The role of storytelling
Benoit explains that storytelling in the tablet becomes a multi-sensory experience.
“Storytelling is now integral to the brand: you can no longer keep the content separate from the container. Telling the story differently : From n”ow on, news and information sources have one primary mission: “speak” to more than one of our senses. They must engage “the eye, the brain and the fingers. Visuals have edged out headlines as the incentive to browse.
The expectations of tablet users center around three important principles:
—Curated content, to see what the editors have selected for them.
—All the latest available news, including breaking news.
—Photo, video and data journalism content, not just text.
“Visuals have edged out headlines as the incentive to browse.
An article’s headline need no longer serve as the driver to click or touch through: for the home screen of its app, La Presse+ decided to devote the full tablet surface to a single story, with the story itself often in video form.”
Layers of information
We often discuss the two tempos for news in this blog: leaning forward and leaning back. The La Presse+ creative team is well aware of this, and of the different needs of readers at certain times of the day.
In fact, I found it fascinating that they have separated users at various times under the following labels:
—The coffee machine survivor
—The casual fan
—The real fan
—The expert
The tablet edition of La Presse+ offers the same story with various approaches, depending on the interest of the user and the time he wishes to spend on a certain story.
The content display system includes a series of predefined templates for each type of article. There is a wide variety of templates, and they correspond to each type of screen in each section of the app. Template modelling allows optimum harmonizing of browse modes and screen types across an entire edition and, especially, faster production of editions.
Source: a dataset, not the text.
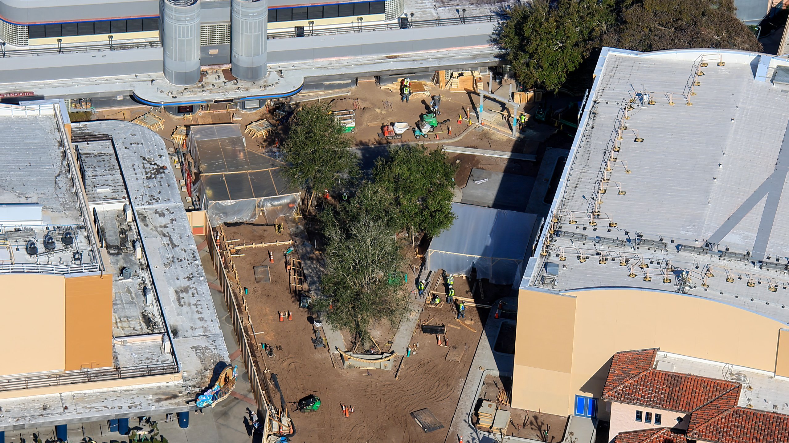 Una de las actualizaciones más llamativas es la plantación de nuevos árboles en el centro del patio. Varios árboles maduros ya están en su lugar, ocupando el espacio que antes era pavimento abierto, lo que marca la transición hacia un entorno más verde e inspirado en los estudios cinematográficos, tal como Disney había anticipado en los bocetos conceptuales. Estos árboles parecen dispuestos a enmarcar un área central tipo parque que servirá como el corazón de la nueva zona temática.

The color is a fundamental element for the navigation and for the user experience. Color coding helps the process of navigation.
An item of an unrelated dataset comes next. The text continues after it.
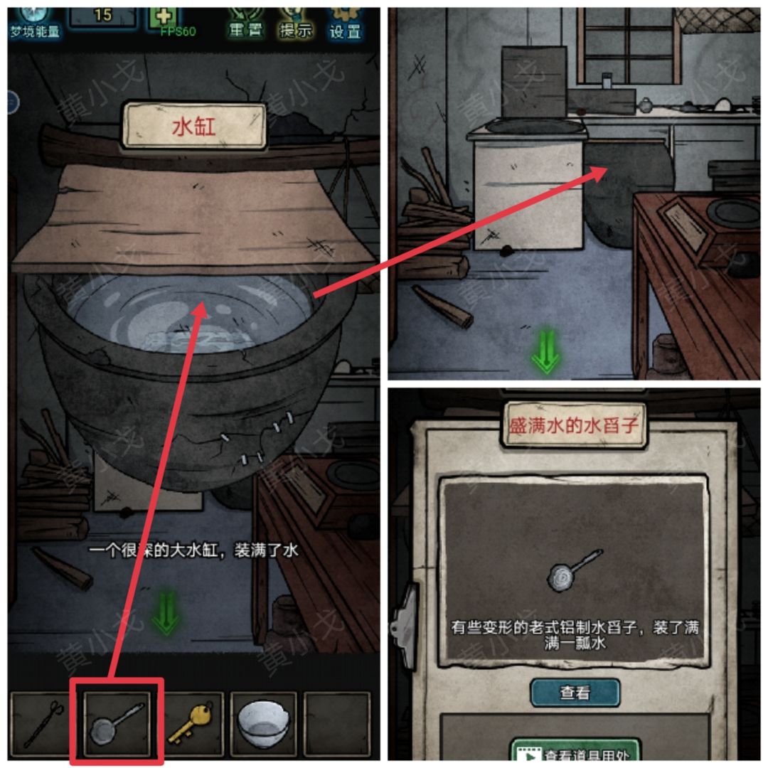 5.点击水缸,用【老式铝制水舀子】装水,获得【盛满水的水舀子】

La Presse+’s creative team found out through testing that users prefer to swipe via a carousel to advance into a story.
In Benoit’s words:
“The carousel is a playful storytelling tool that lets the reader explore a topic in depth with a series of very brief, sequential information tiles. The tool is not to be used to present a side text, but to provide short, easily decodable information in a restricted space.”
He adds that a carousel could incorporate a video and/or a photo gallery. This is a standalone tool, and should not be used as a supplement to a scrolling marquee.
In the tablet environment, photos are powerful storytelling tools that inform detailed, narrative captions, they allow the reader to absorb a news item users; in fact they are one of the most-used storytelling formats in a digital or feature more quickly, and to retain the information more effectively.
Pop-ups are extra windows that display on top of the screen. They are small, and are essentially used to supply concise information or statistics. They are mostly used in interactive images and timelines.
These are what I often refer to as “whispers” which provide additional information in a summarized format, but that can also introduce a video, a photo gallery or other content/visual enhancements to a story.
These are a favorite with tablet users everywhere. An interactive image is a playful storytelling device that lets the reader explore a topic in depth through concise information capsules accessed via pop-ups on a background photo. It is also suitable for animating a map or object.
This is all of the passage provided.